** REQUIRED ACTION **
The span to repeat in the listing below runs from the line containing "EV City Car" to the line containing "Кальцеолярия относится к", inclusive. Repeat it exactly, and only it.

** TASK DATA **

'''

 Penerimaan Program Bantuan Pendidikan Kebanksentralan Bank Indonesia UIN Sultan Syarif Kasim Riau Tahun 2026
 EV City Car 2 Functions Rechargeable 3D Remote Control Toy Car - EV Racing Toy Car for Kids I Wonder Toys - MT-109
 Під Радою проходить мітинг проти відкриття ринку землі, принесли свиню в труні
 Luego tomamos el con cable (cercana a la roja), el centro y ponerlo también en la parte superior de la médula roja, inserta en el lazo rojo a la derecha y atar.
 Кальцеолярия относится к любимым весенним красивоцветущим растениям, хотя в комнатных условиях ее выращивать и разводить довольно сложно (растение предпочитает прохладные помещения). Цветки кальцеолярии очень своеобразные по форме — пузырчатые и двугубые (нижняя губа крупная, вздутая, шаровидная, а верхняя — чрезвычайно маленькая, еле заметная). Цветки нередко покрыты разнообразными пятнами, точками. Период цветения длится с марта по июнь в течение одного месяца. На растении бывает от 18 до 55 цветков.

'''
'''

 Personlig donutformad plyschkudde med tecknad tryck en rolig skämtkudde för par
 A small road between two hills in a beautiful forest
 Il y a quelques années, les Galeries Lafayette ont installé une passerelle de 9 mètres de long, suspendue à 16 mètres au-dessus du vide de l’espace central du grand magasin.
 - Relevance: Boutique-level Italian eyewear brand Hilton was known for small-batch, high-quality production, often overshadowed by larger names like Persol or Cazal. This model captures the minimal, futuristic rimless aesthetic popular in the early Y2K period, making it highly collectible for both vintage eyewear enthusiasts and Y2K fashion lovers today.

'''

** SOLUTION TO THIS TASK **
 EV City Car 2 Functions Rechargeable 3D Remote Control Toy Car - EV Racing Toy Car for Kids I Wonder Toys - MT-109
 Під Радою проходить мітинг проти відкриття ринку землі, принесли свиню в труні
 Luego tomamos el con cable (cercana a la roja), el centro y ponerlo también en la parte superior de la médula roja, inserta en el lazo rojo a la derecha y atar.
 Кальцеолярия относится к любимым весенним красивоцветущим растениям, хотя в комнатных условиях ее выращивать и разводить довольно сложно (растение предпочитает прохладные помещения). Цветки кальцеолярии очень своеобразные по форме — пузырчатые и двугубые (нижняя губа крупная, вздутая, шаровидная, а верхняя — чрезвычайно маленькая, еле заметная). Цветки нередко покрыты разнообразными пятнами, точками. Период цветения длится с марта по июнь в течение одного месяца. На растении бывает от 18 до 55 цветков.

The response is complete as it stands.